Mikhlov then talked about the development kit for the prototype headset. The devkit has a processing unit that streams what’s on the headset onto a screen. He pointed out that people can wear the headset with glasses. It supports 1080p and a 90+ degree field of view with 15 mm eye relief.

 

The headset has true spatial sound and binaural audio, Mikhlov stated. It renders sound the same way visuals are rendered, and the ergonomics are highly adjustable, with support for custom headphones. Most of the weight of the headset is placed on the head to make it more comfortable.

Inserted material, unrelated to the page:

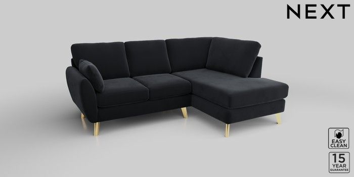 6.12.1 Buy Wilson Medium Corner Chaise - Right Hand Plush Velvet Easy Clean Charcoal Grey Metal Tapered - Gold from the Next UK online shop Click here to use our accessible website
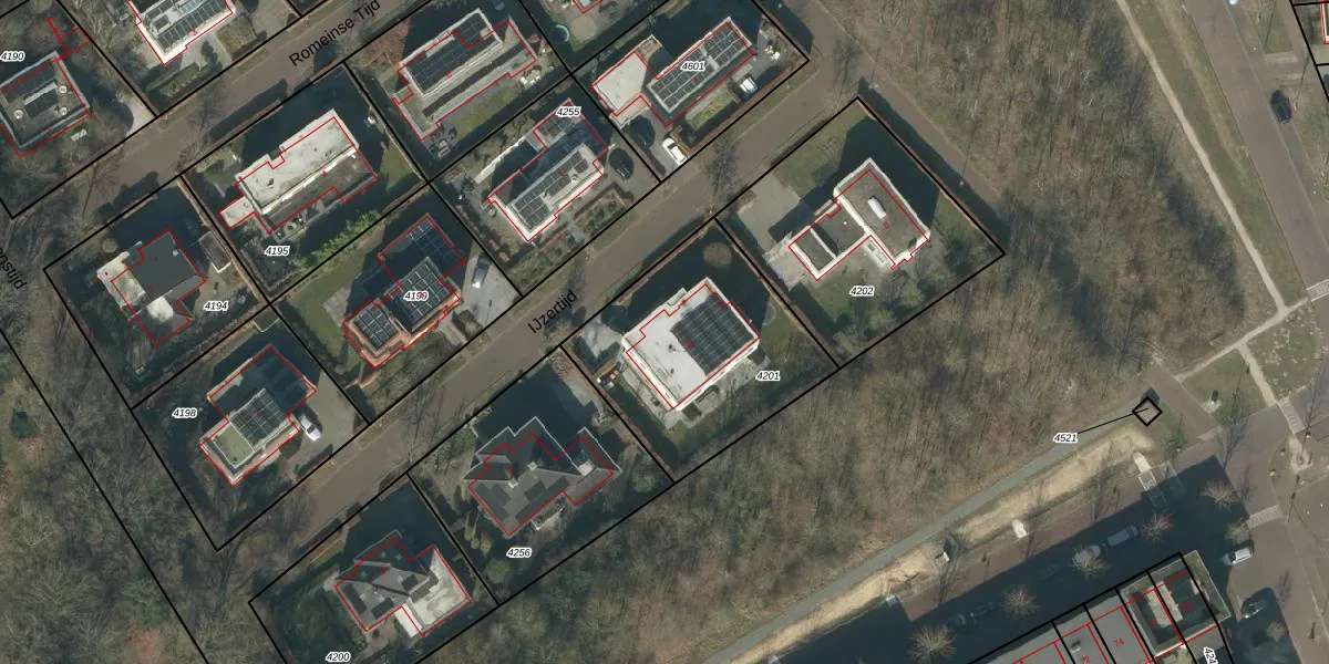 Gebruik de zoekbalk of klik op een perceel voor informatie over de adressen binnen dit perceel.

Some of the VR demos that will be playable at GDC include an EVE: Valkyrie demo, and a Thief demo developed by Square Enix, with a section of the game in VR.

 

Following Mikhlov’s presentation, a Q&A session was held. Currently, the headset is wired (5 meters) and is not cross-platform with the Oculus Rift, as no APIs have been developed for this. Sony would not discuss whether or not the headset would work with PCs or with mobile devices, but did say that a PlayStation 4 can use one VR helmet.